The Four Days of Thanksgiving: Day 2 – A Harvest Poem


Welcome to the Second Day of Thanksgiving! Watch out, because I'm going to sing to you again!

(If this is too painful, plugging your ears is definitely an option...)

"On the Second Day of Thanksgiving, my blog friend gave away 
a verse that hails and honors yesterday."

I've always felt that the harvest is a perfect symbol of the Lord's bounteous gifts to us...a reminder of the gratitude we owe him. I actually wrote this poem for a harvest-themed Young Women in Excellence program. (For those who are not members of my church, Young Women is the organization for female youth, aged 12-18.) 

c1993, Susan Noyes Anderson

Our great grandparents knew about the harvest:
the months of labor gathered in with care,
the gratitude for every hard-earned blessing,
the love for home and hearth, the need to share.
They somehow understood, with true thanksgiving,
the beauty in the sowing they had done;
and when the season ended, in their reaping,
they sensed another cycle had begun.
For growing is the purpose of creation;
we are but branches on our Savior's vine.
The choice is ours; His table's set before us.
What will we offer Him, come harvest time?

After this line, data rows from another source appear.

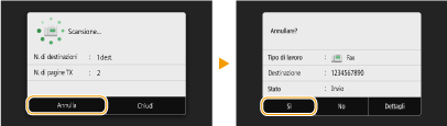 Se si desidera annullare l'invio dei fax subito dopo aver selezionato <Avvio>, selezionare <Annulla> sul display o premere  sul pannello operativo. È inoltre possibile annullare l'invio dei fax dopo aver controllato lo stato del fax.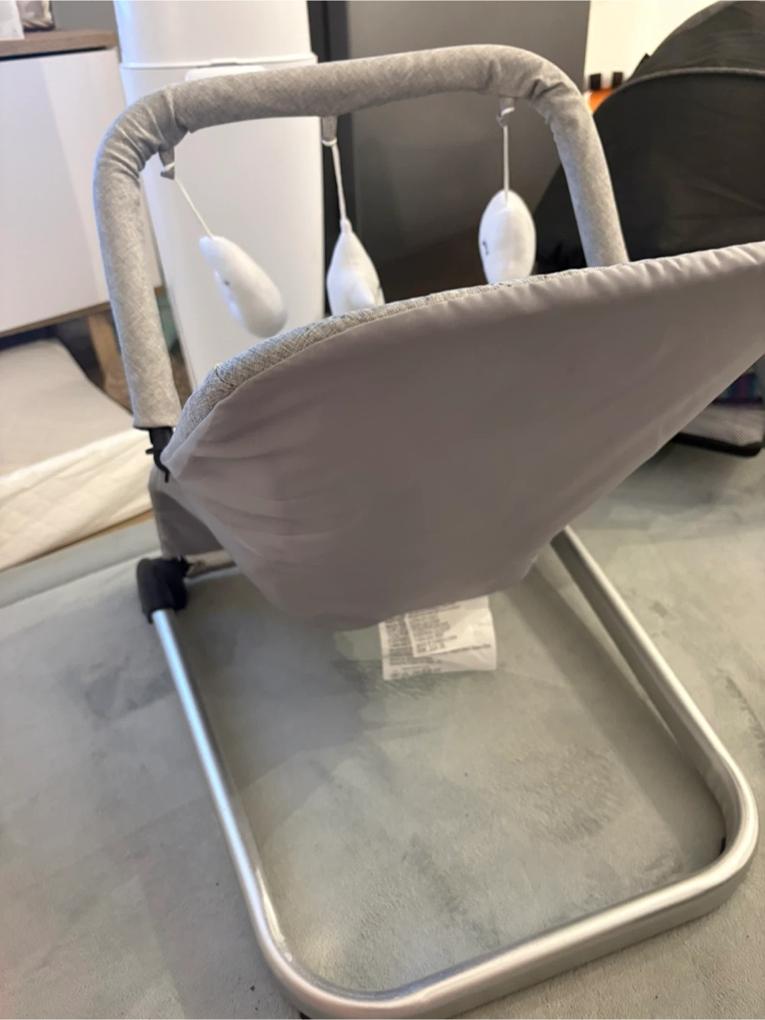 This is a grey Baby Joy rocker chair. It comes with a toy bar featuring plush cloud, moon, and star toys. It's a comfortable spot for your little one.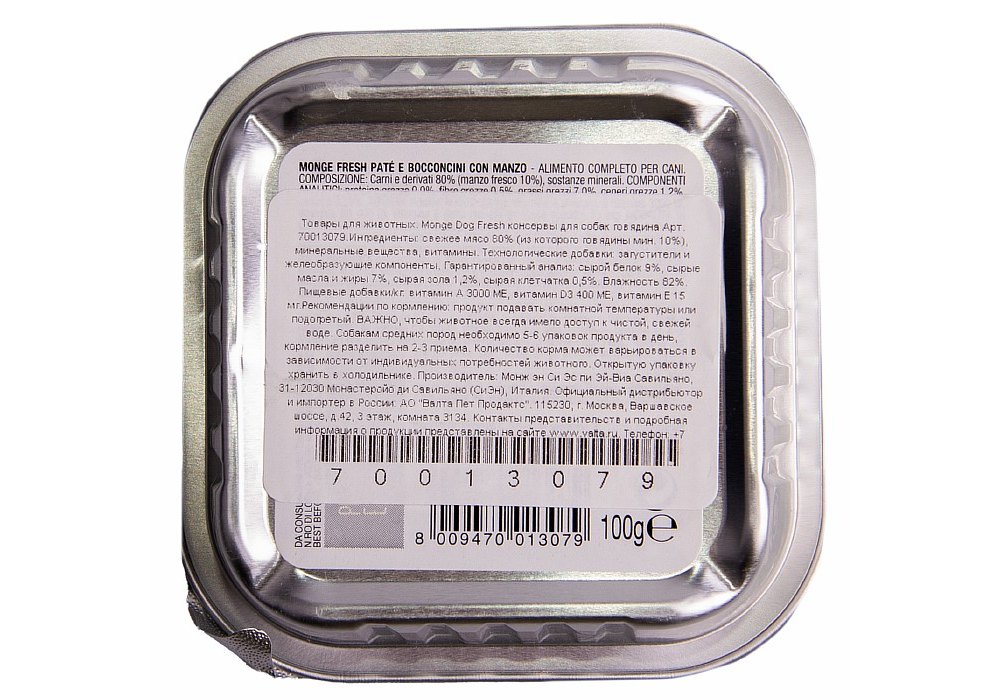 Monge Dog Fresh Beef Влажный корм Консервы Монж Фреш для взрослых собак Говядина (цена за упаковку) 100г x 32шт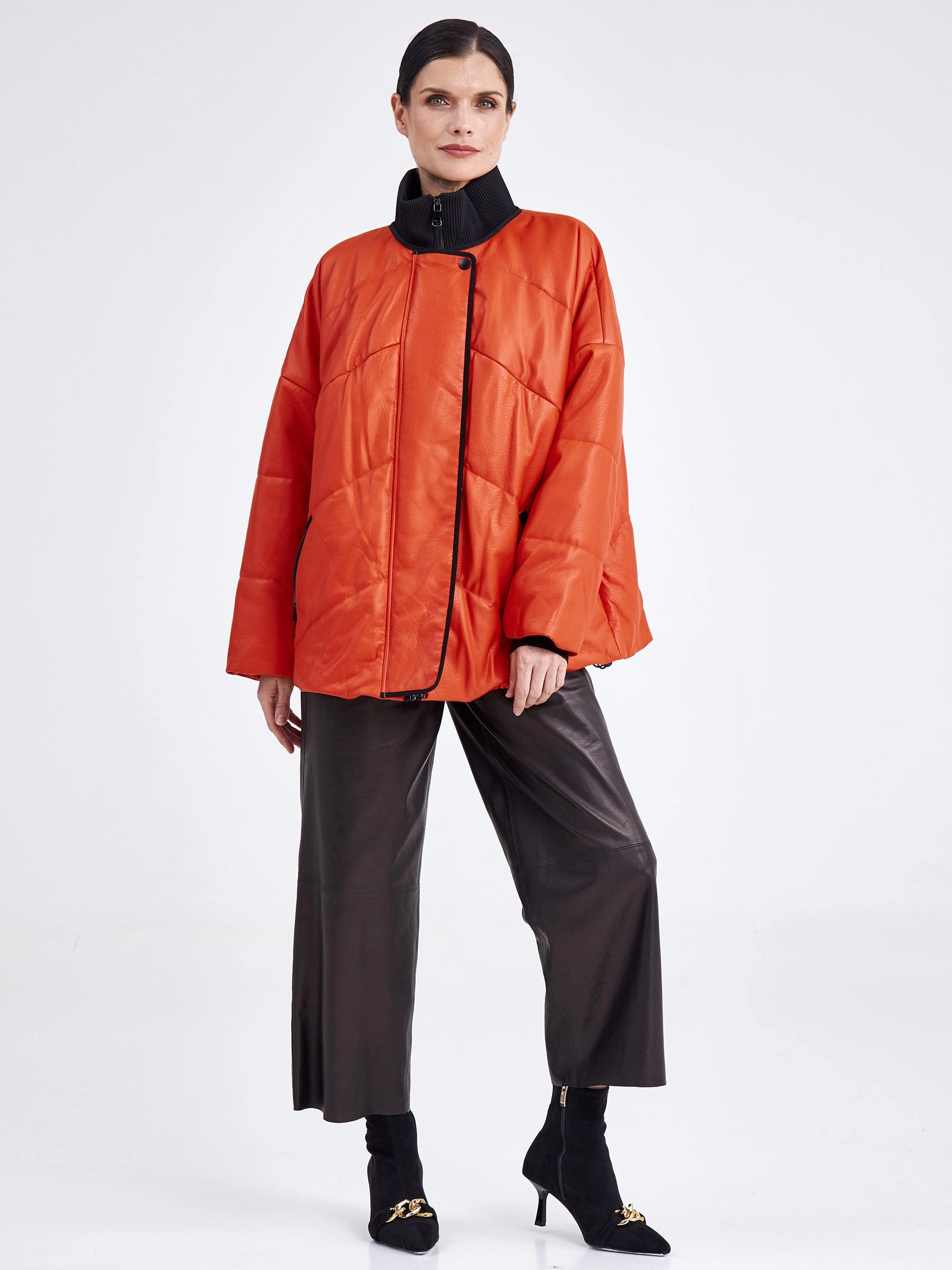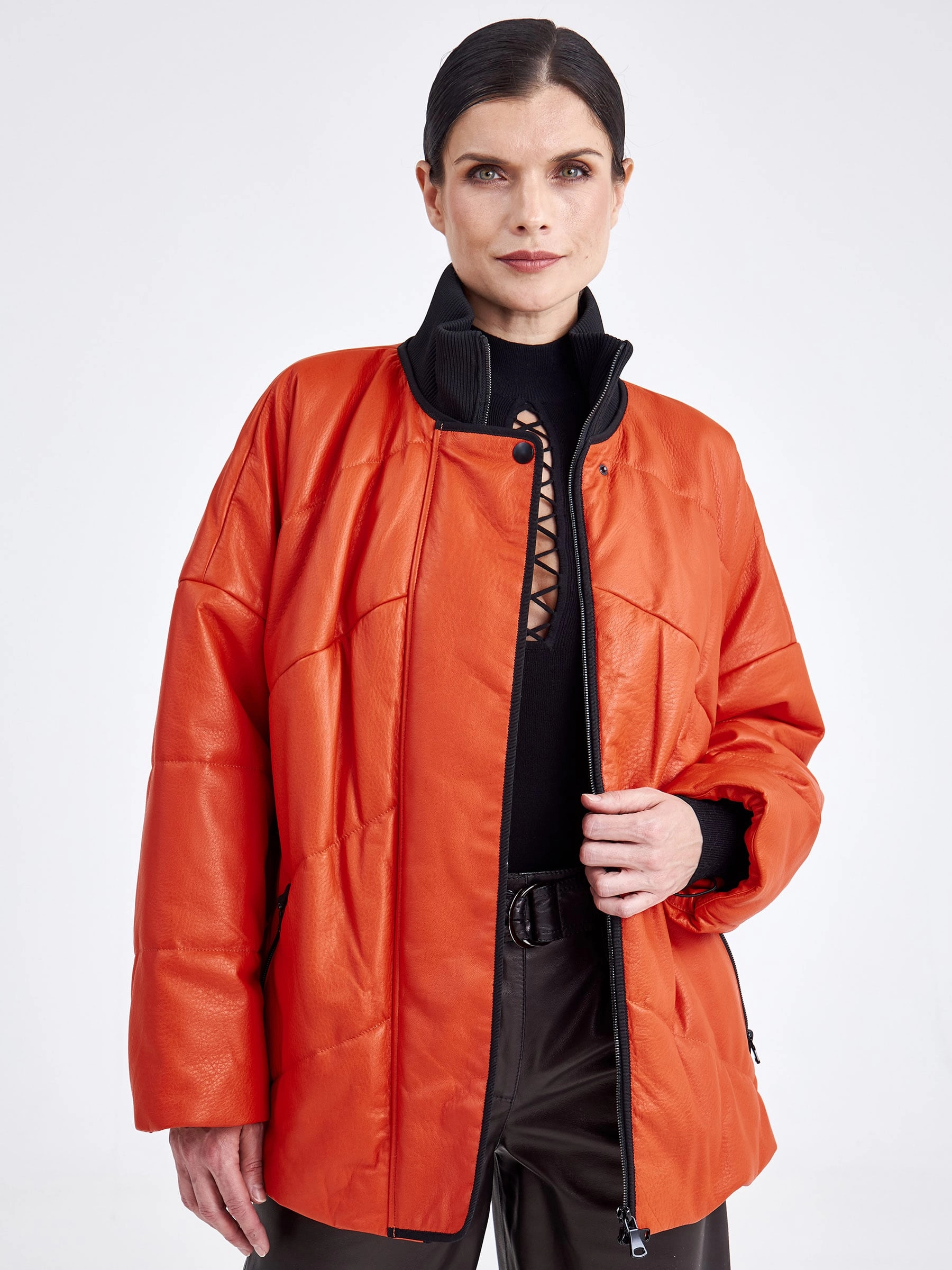 Товар утепленная женская кожаная куртка оверсайз премиум класса 3022, оранжевая, размер 44, артикул 23350 выполнен из натуральной кожи с застежкой молния. Рассчитан на сезон: демисезон. Длина изделия 51-74 см, силуэт свободный.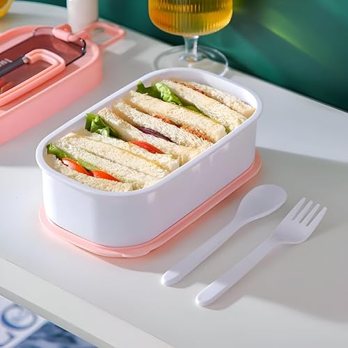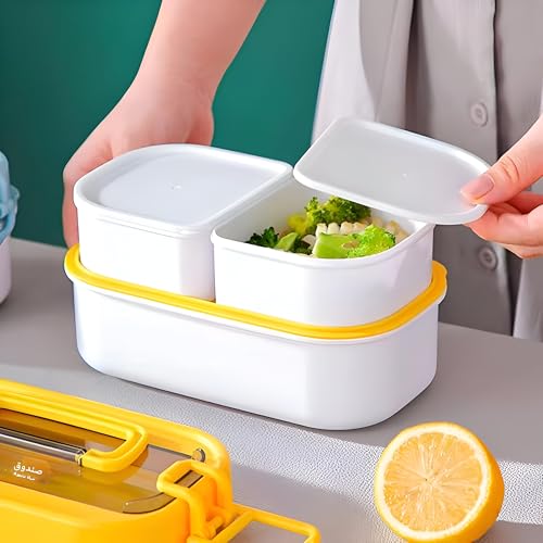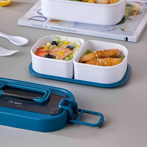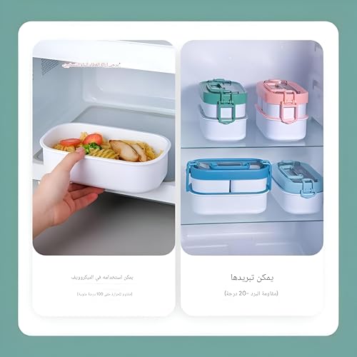 Generic - حاوية تخزين الطعام - صندوق غداء بلاستيكي متعدد الطبقات مع غطاء مقاوم للانسكاب، يتضمن ادوات ومشابك قفل، مثالي لوجبات الاطفال المدرسية، متوفر بالوان مختلفة

I hope all of us can offer Him our gratitude. President Faust once said that "a grateful heart is the beginning of greatness. It is an expression of humility. It is a foundation for the development of such virtues as prayer, faith, courage, contentment, happiness, love, and well-being." But we must use it, or lose it. "Think to thank," suggests President Monson, for "he who receiveth all things with thankfulness shall be made glorious, and the things of this earth shall be added unto him, even an hundredfold, yea more" (D&C 78:19). Now THAT would be a bounteous harvest!

May we strive to enjoy the process of receiving eternal glory, and may we never be guilty of saying, "What a wonderful life I've had: I only wish I'd realized it sooner" (Collette).